My grandfather milked cows for most of his life. Even after there was just himself and grandma. He gave milk away at times.
When we, Coco and I were living at 'the farm' we took two glass quart jars of milk to our neighbors twice a week.
We took the full jars and they would send back two empty ones for the next batch. Coco and I had it stuck in our mind that we should do a good deed every day, and this counted as one of our deeds.
Mrs. Hurst would always drop a dime in the bottom of the clean jars and we thought we were rich.

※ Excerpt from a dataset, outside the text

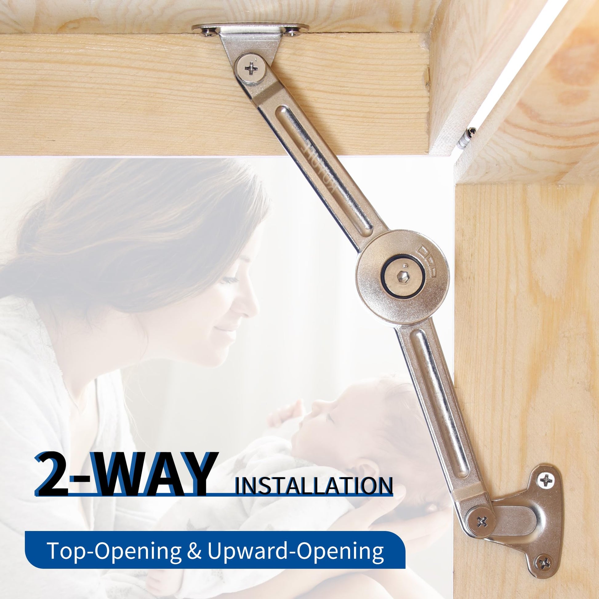 - LID SUPPORT HINGE—Lid support hinge can be mounted on the left or right side. , Upward door open adjustable angle of 75°,90°,110° by yourself.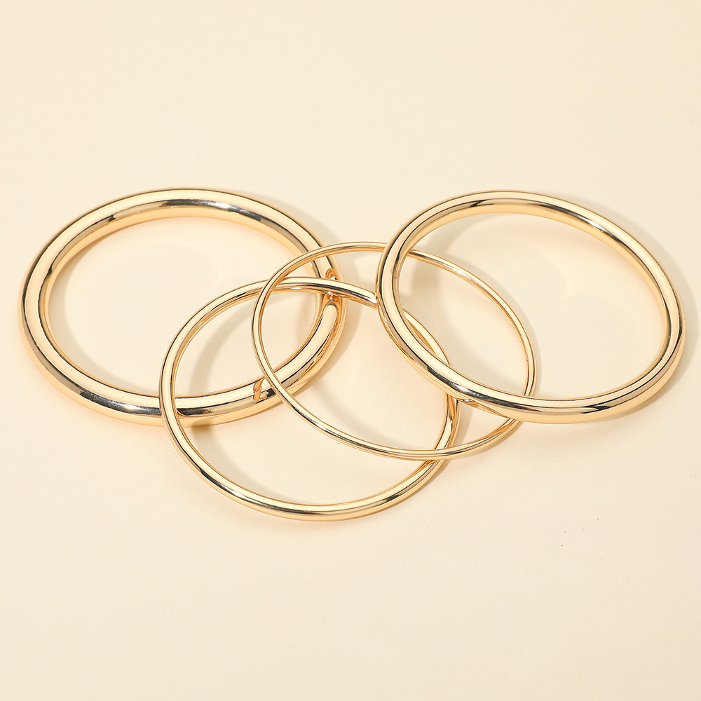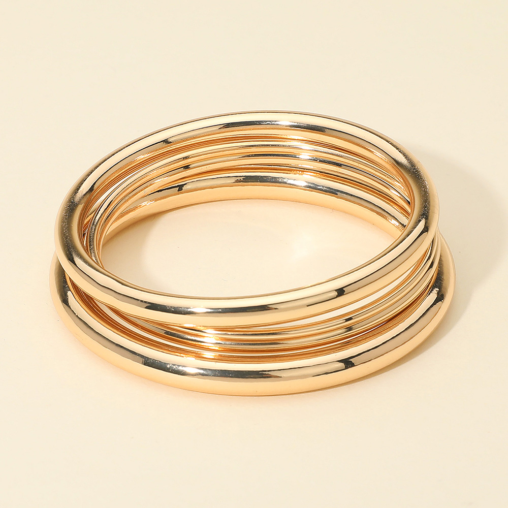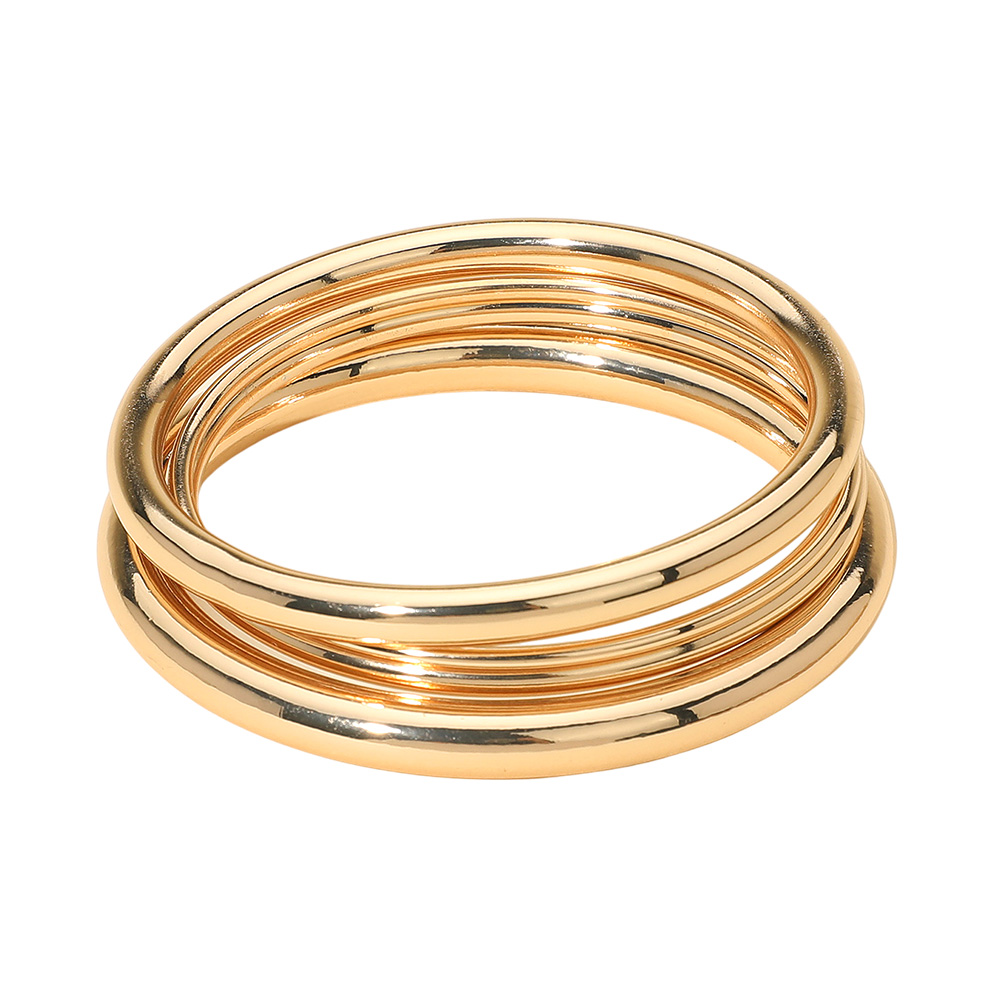 Details • Size : 0.8" H, 2.6" D • Sleek stacked bangle bracelet set featuring smooth polished bands for a clean, modern look. A versatile accessory that adds a refined touch to both everyday and elevated outfits, perfect for effortless styling. • Lead and Nickel Compliant

I don't remember when the dairy maids stopped taking milk. My sister, cousin Coco, and I all lived with grandparents for about two years before my aunt remarried and took Coco to live with them.
I missed Coco when she left. Sister was six years older than I, but Coco was only a year older.
Coco and her family often came back during school breaks, summer vacations and Christmas vacations. Those were times she would tell me what books she was reading and impart new intelligence to me.
New intelligence like how she liked eating aspirins, and don't eat the strings on bananas, and ever so much stuff I would have never figured out on my own.
Summer breaks she and I would wander through the timber berating our cow Henrietta for eating our gooseberries. We were sure she got there before us and that was why our harvest was so slim.
If by chance we did happen onto some green gooseberries we always kept a piece of salt— broken from the cow's salt block in our pocket to eat with them. (Coco told me not to eat the purple gooseberries because a spider had bitten them and they turned purply-black).
I don't know what memories my grandchildren will take with them, but I'm sure they'll have stories.